In October 2002, Zarqawi's group murdered American diplomat Laurence Foley in Amman. In April 2004, Jordanian authorities averted Zarqawi's planned bombing of Jordan's intelligence headquarters and other buildings. That attack reportedly also would have included the use of poisonous chemicals, one of Zarqawi's specialties.

In 2001, he fled Afghanistan through Iran, apparently with the cooperation of the Iranian government, and set up operations in Iraq with the suspected support of Saddam Hussein's regime. In 2004, Zarqawi merged his group with bin Laden's and was named the leader of Al Qaeda in Iraq. Although he still has ideological differences with bin Laden, including a fierce hostility to Shiites that has led his group to bomb Shiite mosques in Iraq, Zarqawi now ranks second only to bin Laden in the eyes of many Sunni Islamic extremists.

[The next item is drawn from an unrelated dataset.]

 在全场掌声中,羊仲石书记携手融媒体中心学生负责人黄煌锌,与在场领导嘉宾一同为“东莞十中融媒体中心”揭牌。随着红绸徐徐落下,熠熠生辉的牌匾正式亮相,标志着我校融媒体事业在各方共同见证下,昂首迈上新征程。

Zarqawi has developed a strong network among Arab Muslims living in Europe, particularly in Germany, Britain, Italy, France and Spain. This network may have been involved in the May 2003 bombings in Casablanca, Morocco, and the November 2003 bombings in Istanbul, Turkey. Zarqawi's followers, many of whom hold European Union passports, pose a growing threat to the United States.

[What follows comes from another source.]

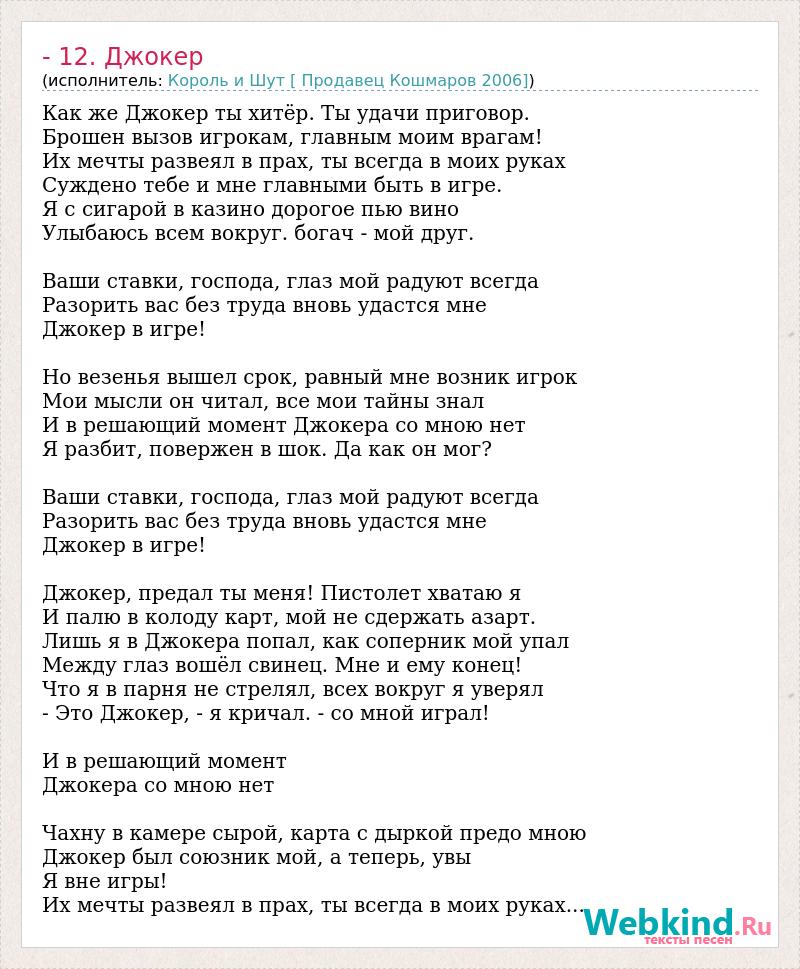 Как же Джокер ты хитёр. Ты удачи приговор. Брошен вызов игрокам, главным моим врагам! Их мечты развеял в прах, ты всегда в моих руках Суждено тебе и мне главными быть в игре. Я с сигарой в казино дорогое пью вино Улыбаюсь всем вокруг. богач - мой друг. Ваши ставки, господа, глаз мой радуют всегда Разорить вас без труда вновь удастся мне Джокер в игре! Но везенья вышел срок, равный мне возник игрок Мои мысли он читал, все мои тайны знал И в решающий момент Джокера со мною нет Я разбит, повержен в шок. Да как он мог? Ваши ставки, господа, глаз мой радуют всегда Разорить вас без труда вновь удастся мне Джокер в игре! Джокер, предал ты меня! Пистолет хватаю я И палю в колоду карт, мой не сдержать азарт. Лишь я в Джокера попал, как соперник мой упал Между глаз вошёл свинец. Мне и ему конец! Что я в парня не стрелял, всех вокруг я уверял - Это Джокер, - я кричал. - со мной играл! И в решающий момент Джокера со мною нет Чахну в камере сырой, карта с дыркой предо мною Джокер был союзник мой, а теперь, увы Я вне игры! Их мечты развеял в прах, ты всегда в моих руках....

If he can establish a sanctuary in Iraq, Zarqawi's branch of Al Qaeda will become a much bigger threat. That's why it's so important to help the Iraqi government defeat terrorists that threaten it, its neighbors and even the United States.

The only silver lining in the dark cloud of Al Qaeda's Nov. 9 bombing is that it has awakened Jordanians and possibly a few other Muslims about the urgent need to defeat al Qaeda.

James Phillips is a research fellow in Middle Eastern studies in the Davis Institute for International Studies at The Heritage Foundation.